Studies of the kinematic scaling relations, such as the Tully-Fisher relation, Faber-Jackson relations, etc, have often focused on massive galaxies. The lowest masses typically only go down to ~10^9 𝑀⊙, yet galaxies below this threshold are the most common. These galaxies are typically left out because of their defining physical properties: dwarf galaxies are less luminous than regular galaxies, so observations require longer integration times and/or larger collecting areas; they are smaller, so studying their structure requires better spatial resolution; and finally, dwarf galaxies have lower intrinsic velocity dispersions, so an unbiased measurement of their kinematics requires either high spectral resolution or very high signal to noise.
The SH𝛼DE survey was designed to fill this gap, and to deliver a sample of 69 dwarf galaxies with high spectral and spatial resolution H𝛼 observations. The survey was designed with four goals in mind: (i) to test the linearity of galaxy scaling relations over a range in mass and with sufficient spectral resolution to not be observationally limited; (ii) to measure and explain the fraction of dwarf galaxies with asymmetric kinematics; (iii) to study the dynamical effect of star formation feedback in the low-mass regime; and (iv) to study angular momentum accretion.
With SH𝛼DE, we find that there indeed is a bend in the scaling relation!

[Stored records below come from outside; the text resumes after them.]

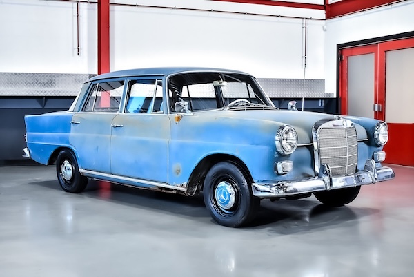 Meanwhile, I've still been browsing classic car web sites, and found this, up for auction. It's a 1962 Mercedes-Benz Heckflosse (or "Fintail") and it's lovely, in an ugly duckling sort of way. The outside looks like shit...
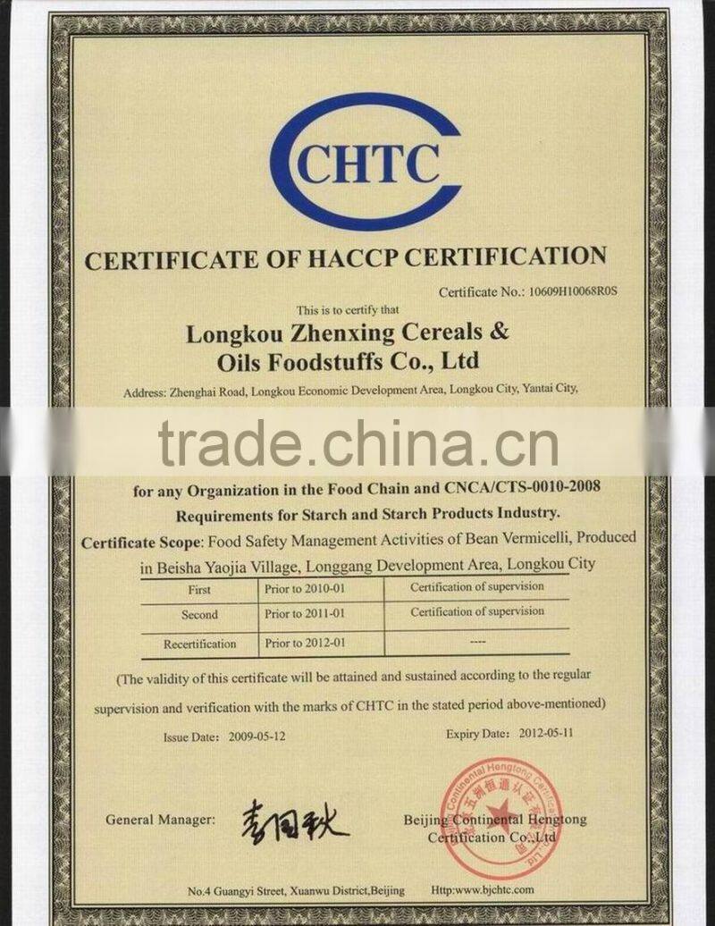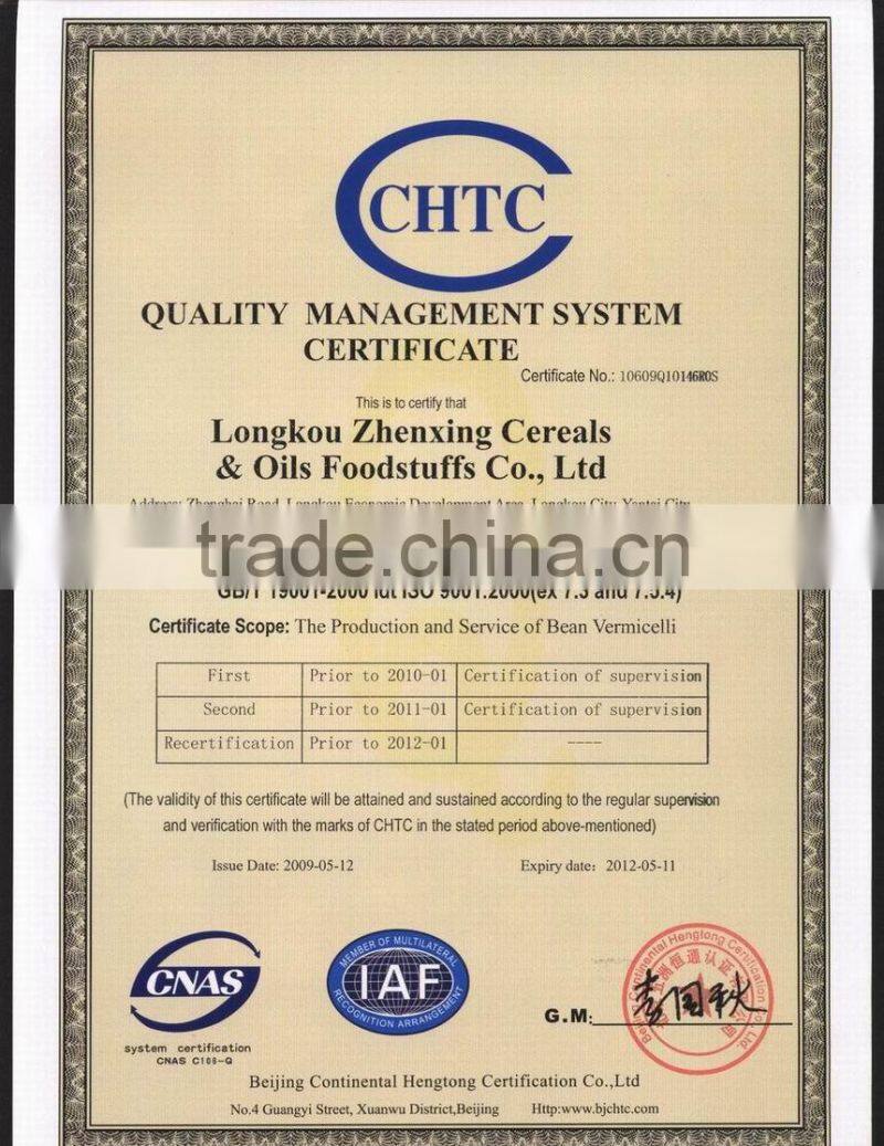 6:Natural Longkou pea Vermicelli Quality/Safety Certifications: ISO9001, ISO14001, HACCP, No irradiation, No GMO, SO2<15ppm.
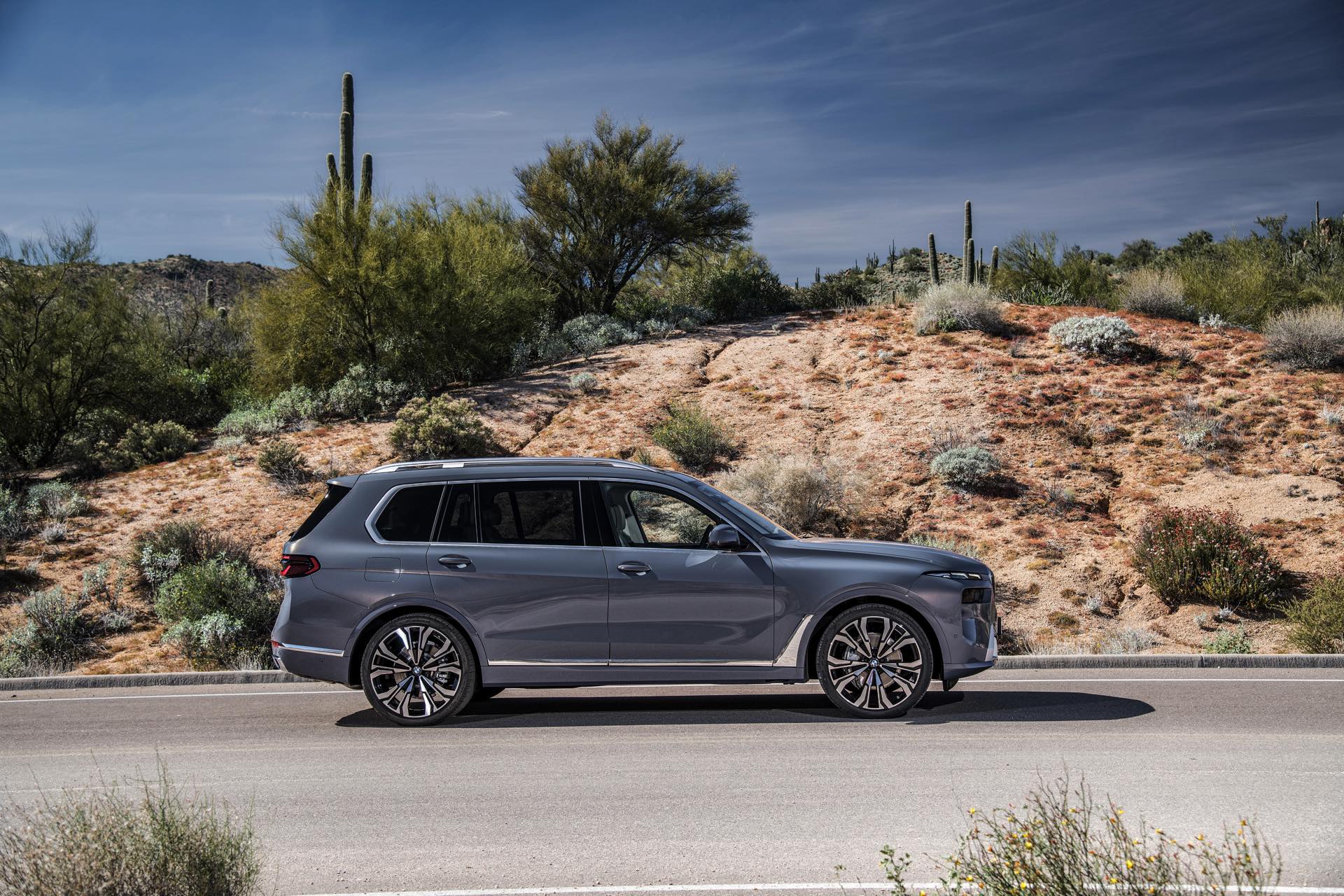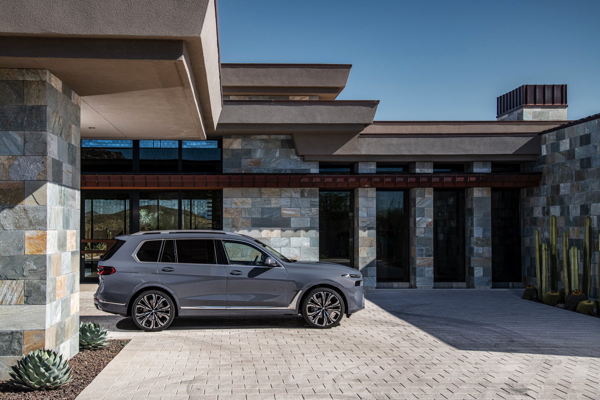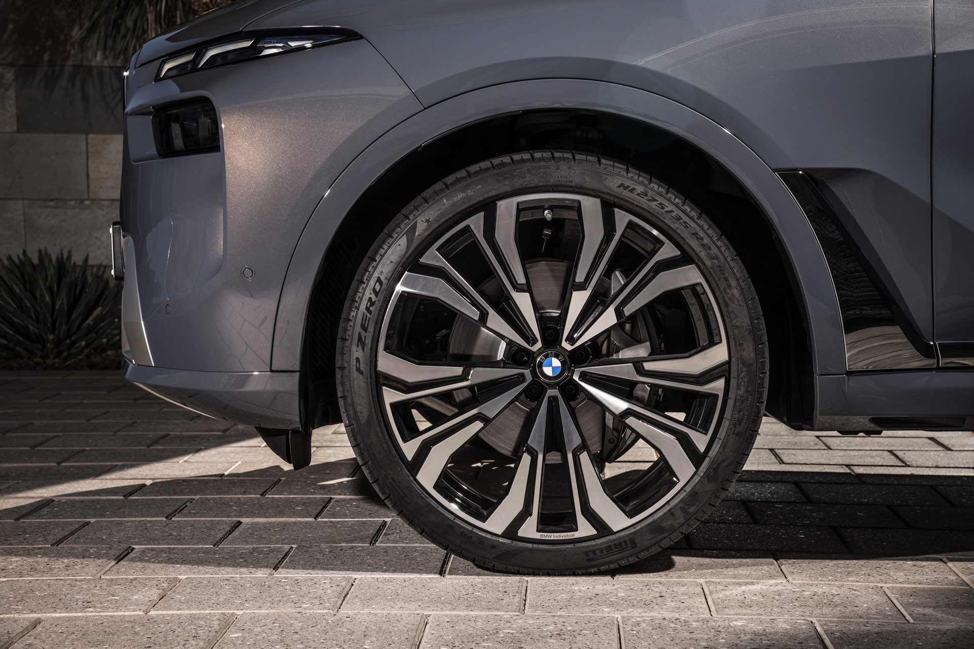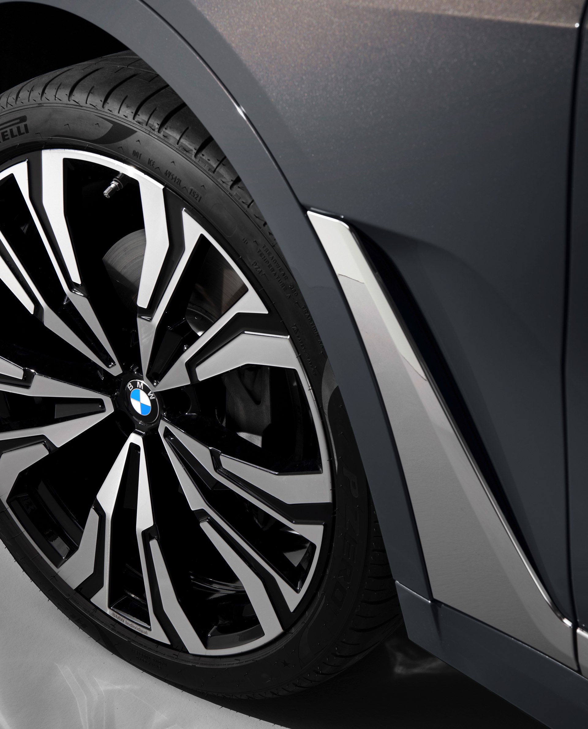 Neuerungen gibt es auch in der Seitenansicht, allerdings sind die großen Hingucker hier nur optional am Start: Erstmals gibt es für einen BMW 23 Zoll-Felgen ab Werk. Was atemberaubend groß klingt, wirkt in natura sehr stimmig: Ein Fahrzeug im Format des BMW X7 lebt ohnehin auf großem Fuß, da sind die 23-Zöller aus dem Individual-Programm durchaus passend. Auf den ersten Fotos sehen wir das Luxus-SUV mit der neuen Lackierung Sparkling Kupfergrau Metallic und im zur Serienausstattung gewordenen Design Pure Excellence, das als einzige Alternative neben dem M Sport-Paket verbleibt. Letzteres sehen wir zunächst nur am Beispiel des BMW X7 M60i, für den exklusiv auch der Farbton Marina Bay Blue angeboten wird.
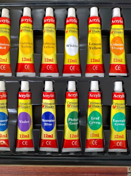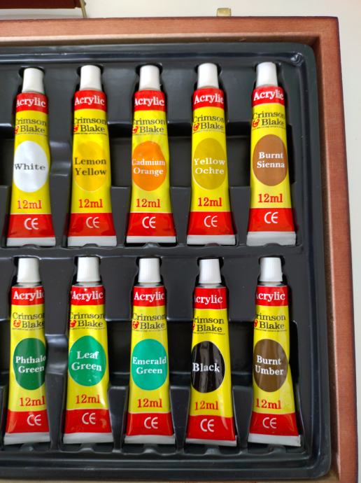 Na prodaj je set neuporabljenih akrilnih barv za slikanje Crimson & Blake v leseni skatli. Skatla ima tu in tam znake hranjenja, a drugace je set kompleten s copici, svincniki, radirko, barvami.......

Figure 2 below shows that there exists a lower limit at 𝑆_0.5 ≈ 22.4 km/s, which corresponds to a stellar mass limit of 𝑀_* ≈ 10^8.6 𝑀_⊙. Above this limit, the scaling relation has a slope of 2.58 ± 0.02 and an intercept of 5.16 ± 0.05. This lower limit originates from an apparent lower limit in the observed H𝛼 velocity dispersion at ∼20 km/s. This demonstrates a physical origin for the low-mass bend in the H𝛼 version of the log 𝑀_* - log 𝑆_0.5 scaling relation, rather than a purely observational effect!